Comparing it to a car is not a very good argument. Housing and shelter is a right and basic human need... driving is not.
cherokeepatti · 61-69, F
@RebelliousSpirit An elderly man here went into the hospital for 3 weeks a couple years ago and when he returned he found his little frame home broken into and trashed. There were several men squatting in it while he was gone. It was infested with bedbugs and 💩 smeared in the walls. His personal possessions had been ransacked etc. His daughter came and got him and he started living with her. I don’t know why people feel entitled to do this to people who have worked hard for ebverything they own.
@cherokeepatti That's terrible and I also do advocate to treat occupied buildings well and create a quality of life.
Actively used living areas and inhabitated spaces are much less likely to be subject to squatting. Most cases are empty buildings or empty apartments or campments on private property.
cherokeepatti · 61-69, F
@RebelliousSpirit You can advocate all you want but someone who doesn’t respect boundaries won’t respect their property either. A bout a half mile away a group of 20 homeless took over a vacant densely trees lot that another elderly man owned. It was next to a residential neighborhood. He would have the police clear the property but they would come right back gain. He couldn’t keep them
away from his property.. There is a homeless shelter and meal kitchen down the road but apparently not everyone wants to abide by the rules. Some of these people also had dogs.
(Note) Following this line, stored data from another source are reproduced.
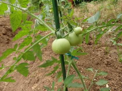 先月植えたトマトの実が大きく育ってきています。その重さに耐えられなくなったトマトの幹を支柱で支える作業を行いました。
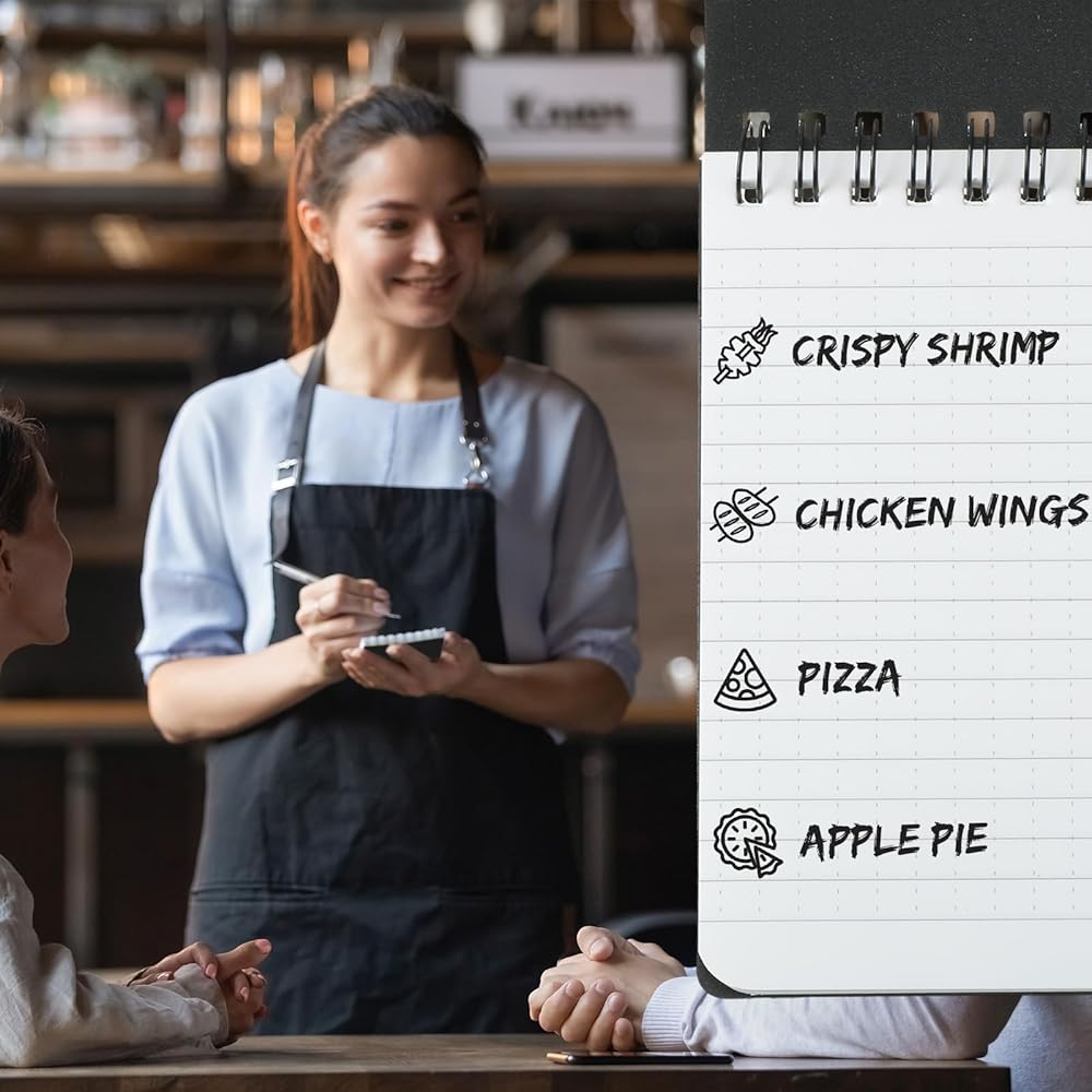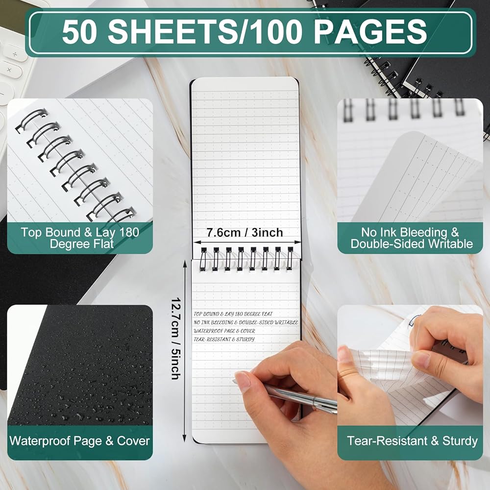 • Waterproof Paper: the waterproof notebook is made of 120 gsm rainproof paper, 100 pages/ 50 sheets per pocket notepad; All weather paper won't turn to mush when wet and will repel water, rain, snow, tears, sweat, grease, mud, and even survive the accidental laundry mishap; Suitable for outdoor recording works and kitchen to keep your writings safe
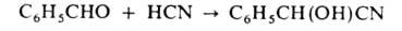 — 3540 кДж/молъ; раств. в этаноле, эфире и других орг. р-рителях, р-римость в воде 0,3%. Образует азеотропные смеси с о-крезолом (т. кип. 192°С;. 23% бензальдегида), бензилхлоридом (177,9°С; 54%), фенолом (185,6°С; 46%) и др. Бензальдегид быстро окисляется на воздухе до бензойной к-ты, подобно алифатич. альдегидам присоединяет по карбонильной группе HCN, NaHSO3 и др., напр.:

It got in such bad shape that the man signed it over to city. The city spent $50,000 and got a bulldozer and dump trucks to clear out more than 70 tons of trash, human & dog waste, rotted food, discarded furniture etc. Social workers identified the campers and offered all of them help to get their birth certificates, , Social Security cards, IDs made etc so they could sign them up for a housing list and food stamps etc. Nearly half of them refused the help. They just moved onto other wooded read including one about 4 blocks from my neighborhood.
@cherokeepatti That's terrible yet not as black and white as you depict it. Shelters and soup kitchen are no proper solution and only temprory or even bad places. The stigma is huge which makes it difficult to accept help. Especially in the US one who is not productive and possesses no property is basically seen as worthless.

I also know plenty of nice and sweet squatting places where also more priviledged people who have a stable life help out.
cherokeepatti · 61-69, F
@RebelliousSpirit Eleven of those people refused any kind of help. They are polluting the land and waterways. This is a public health hazard among other things.